### TRY IT:
Before writing anything, find the line that contains "Ένα τυφλό λαμπραντόρ", then retype the entries below exactly from their first line through that one, without pictures.

━━━ DATA RECORDS ━━━

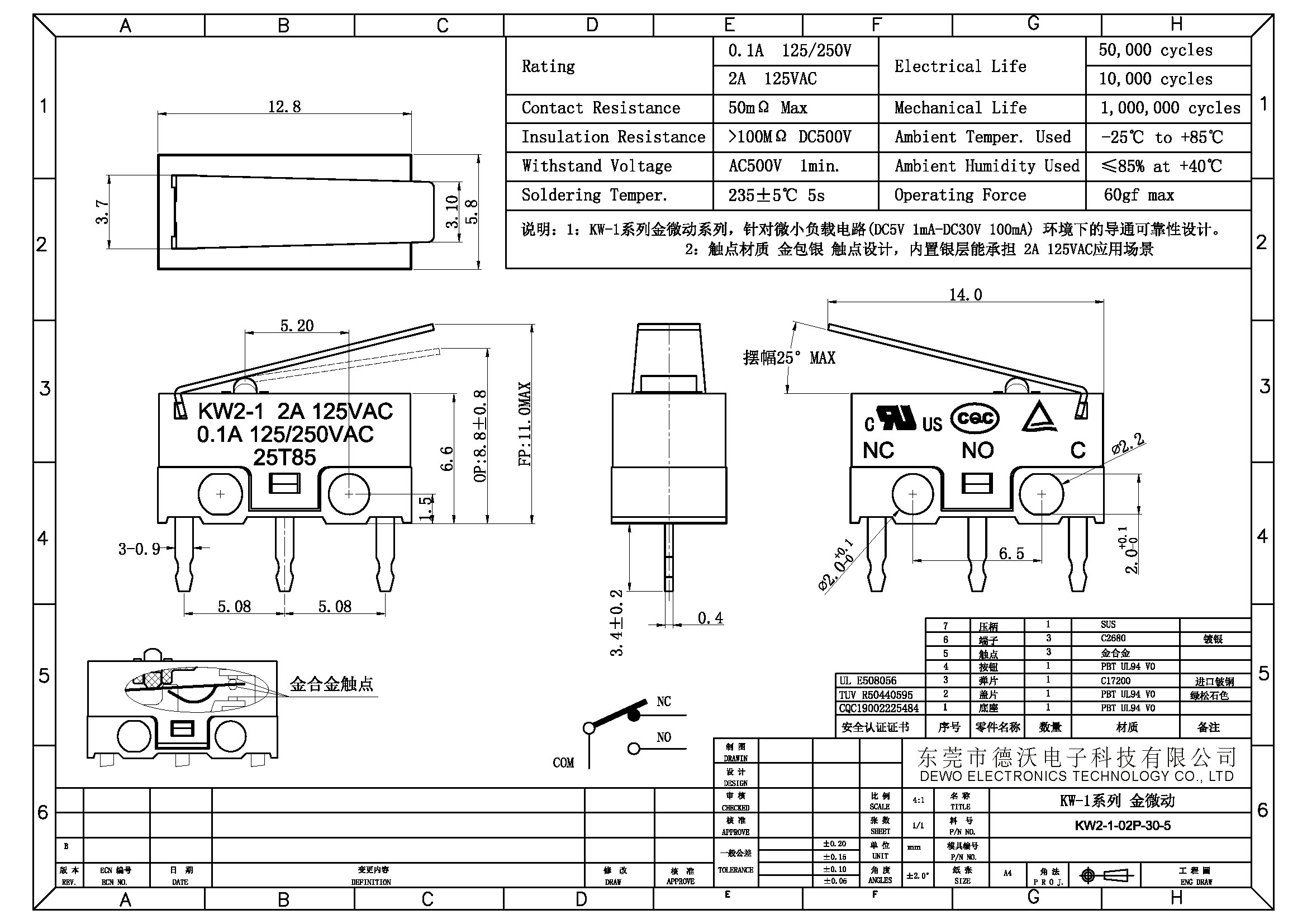 2.觸點材質(zhì):金包銀,內(nèi)置銀層能承擔(dān) 2A 125VAC應(yīng)用場景.
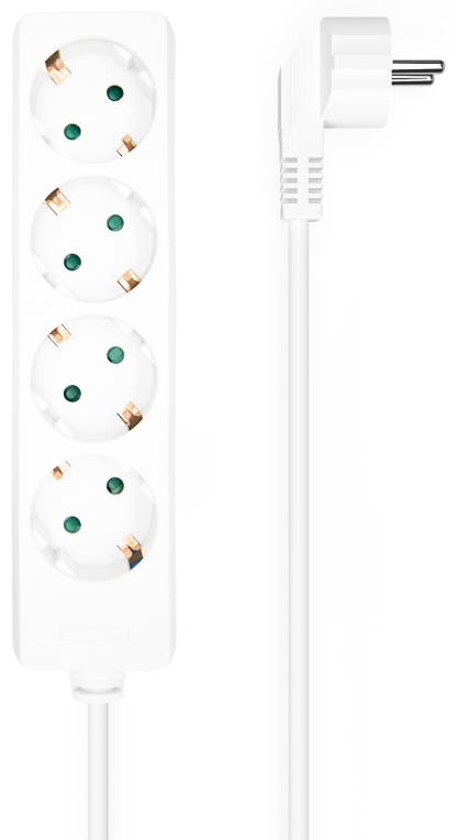Base Multiple 4 Tomas Sin Interruptor Con Cable 3×1.5 mm2, Blanco, 1.4 m
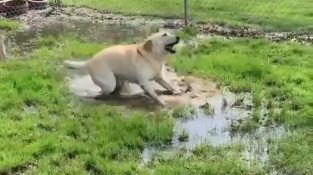 Ένα τυφλό λαμπραντόρ θέλει να παίξει πλατσουρίζοντας μέσα σε μια λακκούβα με νερό.
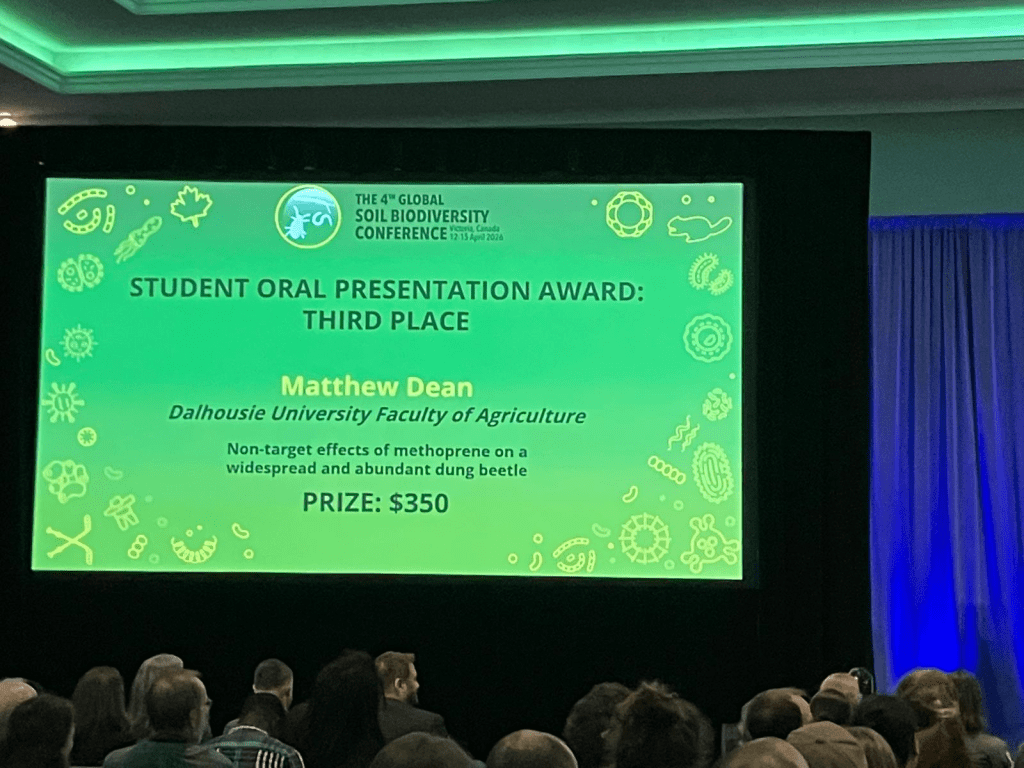 Last week MSc student Matthew Dean (co-supervised by the wonderful Erin Cameron at SMU) spent a few days in Victoria BC as part of the Global Soil Biodiversity Conference. Matt gave his very first oral presentation at a scientific conference to a very international audience. If you know Matt, you know he has a way of making his ideas clear & engaging. Clearly the judging panel felt the same way, and Matt came home with an award as the 3rd place for oral presentations!
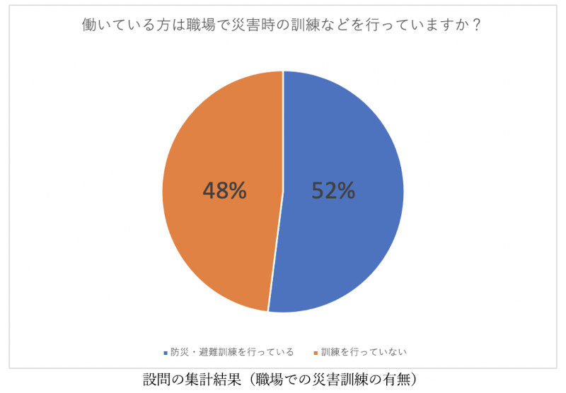 ・「働いている方は職場で災害時の訓練などを行っていますか」という設問に対し、「訓練している」が52%、「訓練していない」が48%と、やや「訓練している」が上回る結果となった。
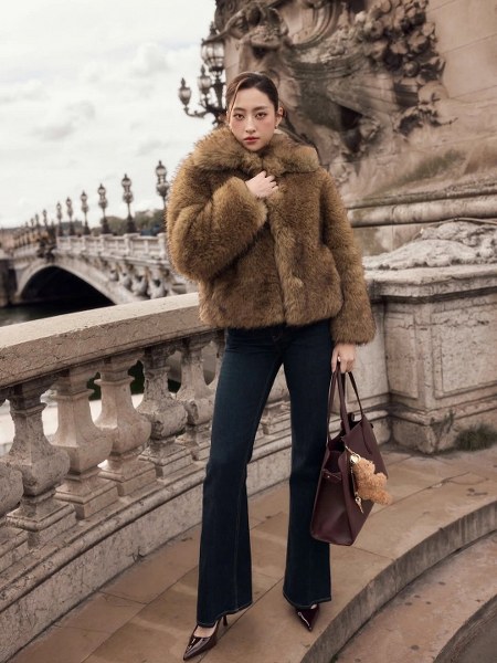 Hoa hậu Lương Thùy Linh cũng chọn áo lông khi theo đuổi phong cách công sở thanh lịch, với quần jeans ống loe, giày cao gót và túi tote.
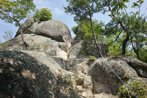 暫く進むとロープの上に「屏風岩」、更に上の「観音様の腰掛岩」から周囲の景色が広がる。
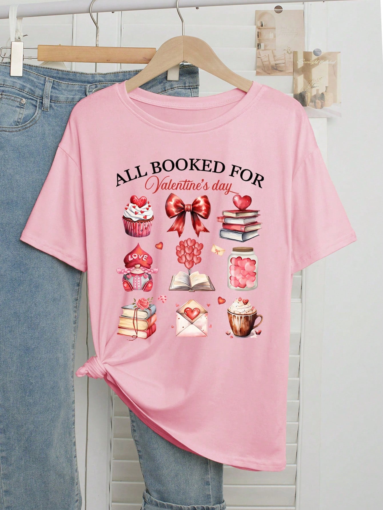 Sweetheart T-Shirt: Valentine’s Day Heart Cake & Bow Print for Women
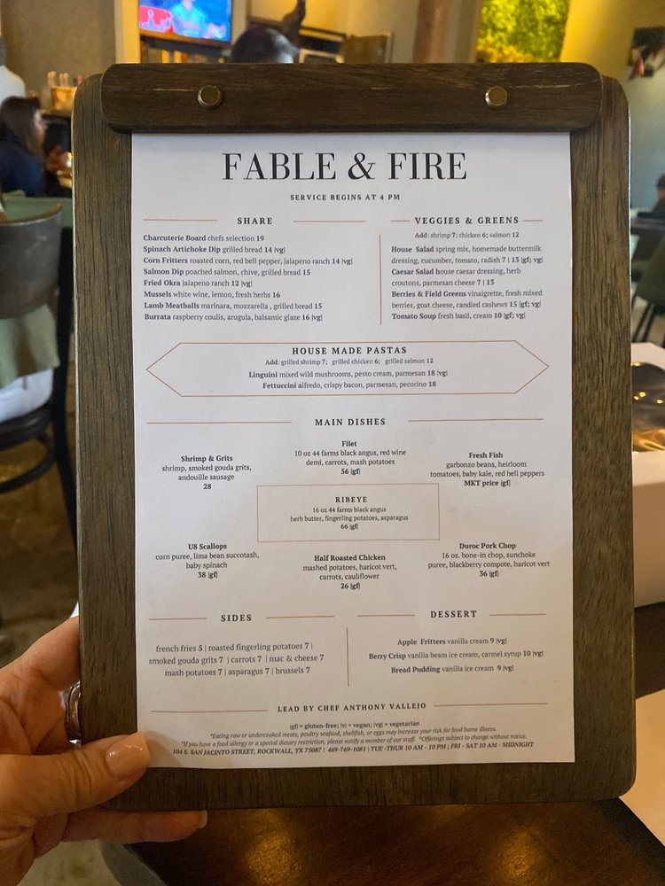 Welcome to Fable and Fire, a whimsical and cozy salad haven in Rockwall, Texas. This charming spot offers a variety of fresh veggies & greens like Berry Field Caesar Salad and House Salad, mouth-watering share options including Brussel Sprouts and Charcuterie Board, and a delectable Tomato Basil Soup. Customers praise the delightful ambience, with bookshop-style restroom doors adding to the rustic charm. While some mention the need for improvements in certain dishes like the Caesar Salad, others rave about the thoughtfully prepared food, like the crispy-skinned roasted chicken and flavorful lamb meatballs. The restaurant's unique concept, combining a bistro atmosphere with a bookstore, adds to its appeal. Whether for brunch or dinner, Fable and Fire promises a culinary experience worth returning for.

━━━

### TASK SOLUTION:
 2.觸點材質(zhì):金包銀,內(nèi)置銀層能承擔(dān) 2A 125VAC應(yīng)用場景.
Base Multiple 4 Tomas Sin Interruptor Con Cable 3×1.5 mm2, Blanco, 1.4 m
 Ένα τυφλό λαμπραντόρ θέλει να παίξει πλατσουρίζοντας μέσα σε μια λακκούβα με νερό.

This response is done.